I have an array A with size 600x6 that each row is a vector and I want to calculate the distance of each row from all other rows of the array. calculating the distance ( BD distance) is easy and I can calculate all the distances and put them in a matrix D(600x600), but during my code, I have just the value of the row not the index of it and so I cannot use D to find the distance quickly. so I have to calculate the distance again. my question is it a way to assign a label or index to each row of A during the code? for example, I have A1 and A2 so I very fast find out that I have to extract D1,2 for distance. I am not very familiar with python. Could you please tell me how can I do this without calculating the distance each time? as you can see in the following code, the centroid during the next step of the code will change. so I have to calculate the BD distance again which is time-consuming. but if I could save the index of centroid I could extract the distance from my distance matrix very fast.
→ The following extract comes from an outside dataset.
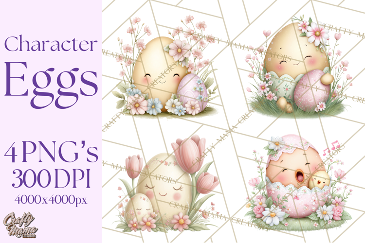 Similar Design Products to Easter Egg Clipart PNG, Cute Baby Easter Eggs with Faces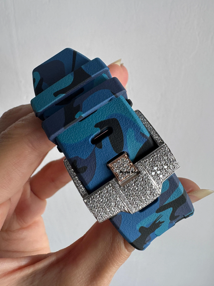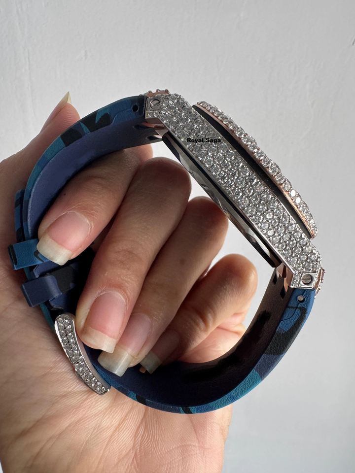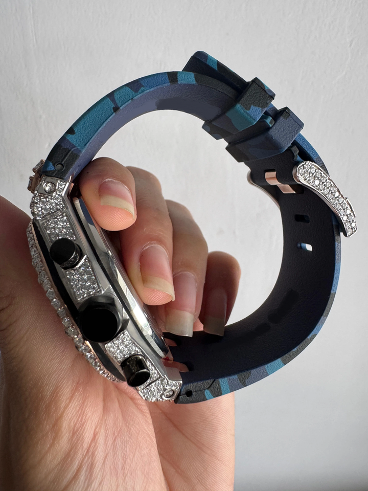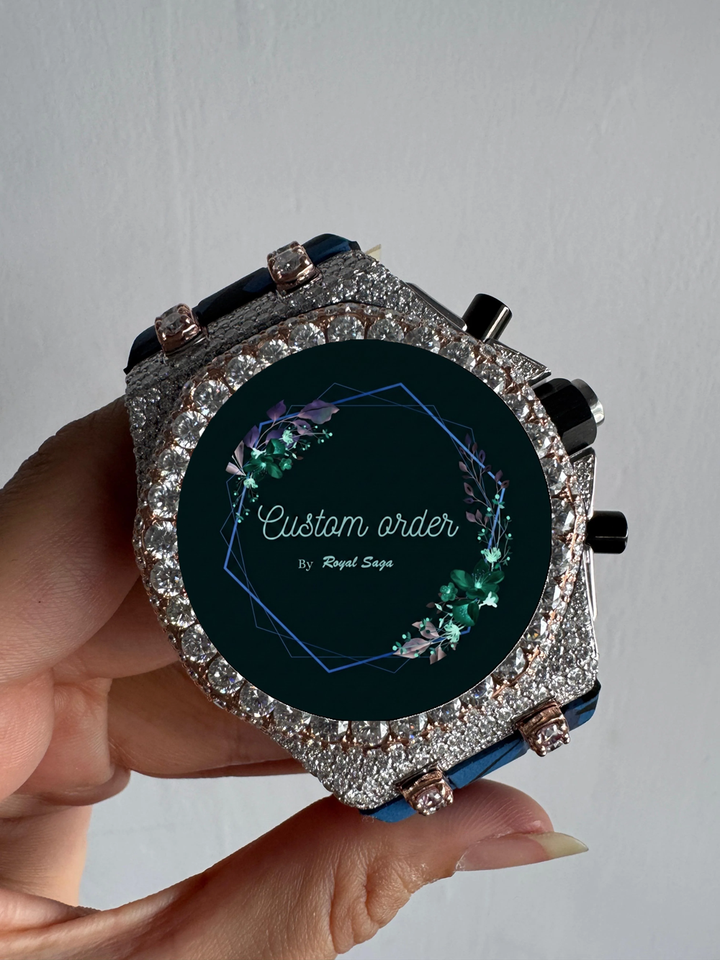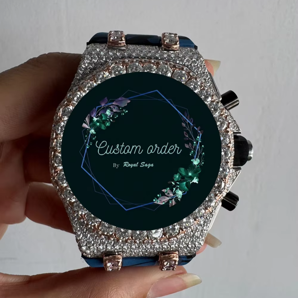 นาฬิกาข้อมือผู้ชายแบบอนาล็อก รุ่นสามโครโนส ประดับเพชรโมอิสซาไนต์ VVS1 ดีไซน์พิเศษ สายยางครึ่งหนึ่งฝังเพชร หรูหรา

def kmeans_BD(psnr_bitrate,K,centroid):
    m=psnr_bitrate.shape[0]#number of samples
    n=psnr_bitrate.shape[1]#number of bitrate
    
    # creating an empty array
    BD=np.zeros((m,K))
    #weight of BD_rate
    wr=0.5
    #weight of BD_Q
    wq=0.5
    n_itr=10
    # finding distance between for each centroid
    for itr in range(n_itr):
        for k in range(K):
            for i in range(len(psnr_bitrate)):
                BD_R=bd_rate(rate,centroid[k,:],rate,psnr_bitrate[i,:])
                if BD_R==-2:
                    BD_R=np.inf
                BD_Q=bd_PSNR(rate,centroid[k,:],rate,psnr_bitrate[i,:])
                if BD_Q==-2:
                    BD_Q=np.inf
                BD[i,k]=np.abs(wr*BD_R+wq*BD_Q)
david
  • 1,255
  • 4
  • 13
  • 26
  • "but during my code" ... please add your code – YesThatIsMyName Jun 27 '22 at 10:07
  • I am trying to implement Kmeans with my distance metric. – david Jun 27 '22 at 10:21
  • could you please explain more or put a sample code? – david Jun 27 '22 at 10:52
  • centroid is not a new array. it is selected from the psnr_bitrate that each time based on the distance a group of them was selected as a new centroid. for this problem, I do not know how can I find the index of the centroid in the main psnr_bitrate array. – david Jun 27 '22 at 10:57

1 Answers1

2

This answer is an updated one implementing all the appreciated remarks made in the comments about the problems with implementing the before provided code.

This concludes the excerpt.